I'm really choking at the irony of every point you try and make. Critical thinking and comprehension is key, use it to avoid falling into the same category of irrational person you're looking down on. Instead of answering a question with another question, try and extrapolate over the correlation you made. Exclusives aren't magically better than non exclusive games, if so why? The benefits afforded to being exclusive are easier optimisation and somewhat reduced development times, but this really doesn't shape the diversity of a game, or make it vastly different experience. What you're correlating in terms of the most anticipated games and exclusives is specific to 1st party exclusives, a distinction which obviously needs to be made. 

First party exclusives benefit from the ambitions of the platform holders/publishers (sony/microsoft/nintendo) not operating primarily as a software business. Their concern is producing system selling software, shifting hardware in the process and catering to a wide userbase. As a result developers generally get given more freedom and strive for the highest quality, but this of course doesn't garauntee quality. However what the OP is talking about is all games (3rd party) being made for one platform in mind. Which is why I posed, what is to gain? EA  publishing and developing  Battlefront II for the PS4 wouldn't have made it any less of a cash grab. FFXIII being made exclusively for PS3 wouldn't have made it any less linear. Titanfall 2 and Rise of the Tomb Raider managed to surpass their (timed) exclusive predecessors on metacritic. Meanwhile being exclusive didn't save The Order/Rise, or magically make Knack next the Mario. 

By all means, maybe you have a point that I've missed but you're going to have to make it. And more than a loose correlation this time.

You re seriously suggesting, a platform holder is not inclined to make sure that games to bolster his product(s) are of a certain quality and speak to a wider audience? Ok, looking at what MS is doing the past decades, i can emphasize... a little.

 

 

However what the OP is talking about is all games (3rd party) being made for one platform in mind. "

 

Thats the assumption you made...

 

 

Ka-pi96 said: 
AlfredoTurkey said: 

If it "ruins" gaming, than how did the NES and PS2 exist and kick so much ass? Having exclusives makes gaming more exciting and interesting. It gives each platform an identity and makes each one worth owning. 

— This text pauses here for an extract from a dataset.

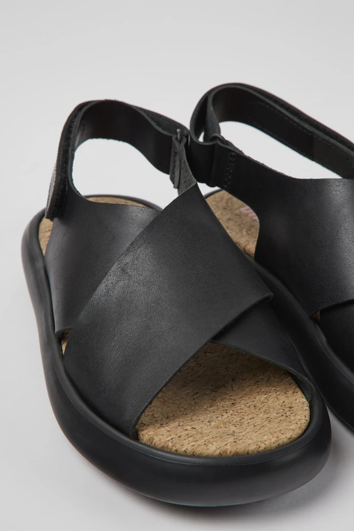 Black leather women’s sandals with anatomic non-removable EVA footbeds and XL EXTRALIGHT® Organix™ 3.0 outsoles (30% bio-circular compounds).

A bit contradictory to use NES/PS2 as examples and then say exclusives "makes each one worth owning" no? That's easily two generations where there was only 1 console worth owning.

And I dunno about NES (before my time and I wouldn't play anthing that dated now either) but the PS2 was good because of the games on it. If all those games had released on Xbox/Gamecube & PC as well the gen would have been better, not worse.Them being exclusive didn't make them good, it just meant people had no choice about what hardware to use in order to play those games. Games are always better if you're playing them on hardware you like instead of hardware you think is a piece of shit.

You dont think competition is good? Everybody deserves to be a winner. So everone can be as lazy as Microsoft and become as fat as Gaben.